In 1987 I published the theory of the Book of Mormon as a Modern Expansion of an Ancient Source. I wrote the article as a bit of apologetics to show that assumptions made by both believers and critics lead to unwarranted conclusions.
I believe that the expansion theory is more cogent now than it has ever been. Let me explain three reasons why the expansion theory is essential to assessing the Book of Mormon:
(1) Those who write about the Book of Mormon in its ancient American setting necessarily adopt the expansion theory implicitly. (e.g., John Sorenson et al.) To make sense of the animals, plants, metals, weapons, directions and so forth mentioned in the Book of Mormon, we must assume that the words in the English are approximations or “conceptual translations” to make sense of what we know actually existed. For example, John Sorenson states: “In order to make sense [of animals identified in the Book of Mormon], we must consider a wide range of historical, linguistic and natural scientific information in search of clues to interpret the scripture’s statements…. But isn’t it ovious that the ‘cow’ of the Book of Mormon was our familiar bovine, straight out without all this hegding? No, it is not at all obvious. First, we are trying to figure out what the Book of Mormon really means by the words we have in English translation … Second, there is a lack of reliable evidence — historical, archaeological, zoological, or linguistic — that Old World cows were present in the Americas in pre-columbian times.” (AnAncient American Setting, 89, 294) Sorenson gives a long list of possible candidates for the animals mentioned in the BofM that were found in ancient America on p. 299-300. All of them are merely conceptual approximations. He does the same for metals, weapons, plants, compass directions and so forth listed in the Book of Mormon. My point is that to make sense of what we know from archaeology, paleo-botany, paleontology and so forth, we must assume that the BofM was translated rather loosely and was based on Joseph Smith’s conceptual abilities and horizons.
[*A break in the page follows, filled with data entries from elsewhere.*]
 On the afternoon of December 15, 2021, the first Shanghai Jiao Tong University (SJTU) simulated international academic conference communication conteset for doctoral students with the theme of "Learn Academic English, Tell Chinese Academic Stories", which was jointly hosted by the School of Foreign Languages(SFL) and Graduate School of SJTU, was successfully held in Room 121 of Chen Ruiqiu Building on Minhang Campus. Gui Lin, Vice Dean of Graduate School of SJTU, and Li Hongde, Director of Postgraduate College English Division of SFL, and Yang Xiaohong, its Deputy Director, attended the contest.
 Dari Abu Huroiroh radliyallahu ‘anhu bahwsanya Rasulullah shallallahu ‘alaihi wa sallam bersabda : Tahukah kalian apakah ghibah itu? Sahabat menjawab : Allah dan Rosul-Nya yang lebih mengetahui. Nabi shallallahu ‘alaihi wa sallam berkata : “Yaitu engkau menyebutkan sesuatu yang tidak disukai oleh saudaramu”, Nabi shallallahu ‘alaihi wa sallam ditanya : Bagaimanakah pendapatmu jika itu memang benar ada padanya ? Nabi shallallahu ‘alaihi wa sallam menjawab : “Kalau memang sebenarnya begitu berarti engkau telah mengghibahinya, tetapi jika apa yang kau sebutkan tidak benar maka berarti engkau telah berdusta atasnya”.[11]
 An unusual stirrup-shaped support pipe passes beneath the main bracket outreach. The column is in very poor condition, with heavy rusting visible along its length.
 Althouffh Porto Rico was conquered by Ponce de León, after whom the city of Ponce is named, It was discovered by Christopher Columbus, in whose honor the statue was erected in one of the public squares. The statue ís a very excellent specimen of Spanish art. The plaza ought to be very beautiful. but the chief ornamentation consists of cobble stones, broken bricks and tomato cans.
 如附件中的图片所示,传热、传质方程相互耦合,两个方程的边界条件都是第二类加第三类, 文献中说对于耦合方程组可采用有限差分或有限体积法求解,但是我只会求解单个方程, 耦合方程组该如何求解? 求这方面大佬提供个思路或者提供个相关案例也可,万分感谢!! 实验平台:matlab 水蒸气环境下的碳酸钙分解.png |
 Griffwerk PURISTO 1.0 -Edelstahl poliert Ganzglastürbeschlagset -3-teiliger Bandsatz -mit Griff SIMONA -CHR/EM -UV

(2) To make sense of the text, we must accept that Joseph Smith was free to choose the language in which to express the translation. It is rather clear to me that the language chosen mirrors the KJV and adopts its phraseology and mode of expression throughout. However, it would be a mistake to assume that the expansion theory is somehow invalidated if we cannot find textual aporia or breaks in continuity that show where the ancient text leaves off and the new modern text begins. To look for such aporia (as Terryl Givens does) is to misunderstand what the expansion theory claims. Rather, the point of the theory is that the very nature of revelation included the limitations and horizons of Joseph Smith ability to conceptualize, express and explain the text. The theory is based on the fact that all human experience is conceptual and involves interpretation from a point of view. The theory thus argues:
(1) All human experience involves interpretation from a particular point of view.
(2) The revelation that resulted in the Book of Mormon was at least in part a human experience.
(c) Therefore, the revelation that resulted in the Book of Mormon involved interpretation from a particular point of view at least in part.
One of the strengths of the expansion theory is that it sees all of Joseph Smith’s prophetic translations as being of the same kind. Joseph didn’t translate the BofM because he knew Hebrew and/or reformed Egyptian; he didn’t translate the Book of Abraham because he read Egyptian etc. Rather, these translations were the same as the Book of Moses and the parchment of John that he translated now contained in D&C 7. He could translate because he received revelation; and the revelation involved his input in explaining, expanding and making sense of what he received. JS felt free to change, amend, add to, delete from and generally edit the revelations that he received in the Doctrine & Covenants — and he treated the BofM text in the same way when he made changes to it in 1837. The Book of Mormon cannot be a “literal translation” or JS’s changes don’t make sense. However, if JS is giving the best expression and explanation that he knows how to give, and later has greater capacity to explain the text or “translation” in a better way, he felt free to do so.
(3) It has now been 18 years since the expansion theory was first published and to date not a single critic of the Book of Mormon has attempted to explain the presence of convicing evidence of antitiquity that I cited in my 1987 article: viz., ancient prophetic call forms, ancient Israelite covenant renewal rituals and forms and formal Hebrew legal procedures. In my view, the presence of these forms is fairly clear in the text of the BofM and they are very difficult to explain on the assumption that it was written by anyone in the 19th century. To date, the only theory that accounts for these ancient forms and the presence of modern expansions that are fairly evidence is the expansion theory.
I believe that the Book of Mormon is precisely what it claims to be: a book translated by the gift and power of God that tells us about the record of an ancient people. However, translation by the gift and power of God isn’t translation based upon an isomorphic rendering of an underlying text into English based on a knowledge of the ancient textual language; rather, it is a revelation from God which involves necessarily the limitations of vocabulary, conceptuality and horizons of God’s servant chosen to render it into English for us.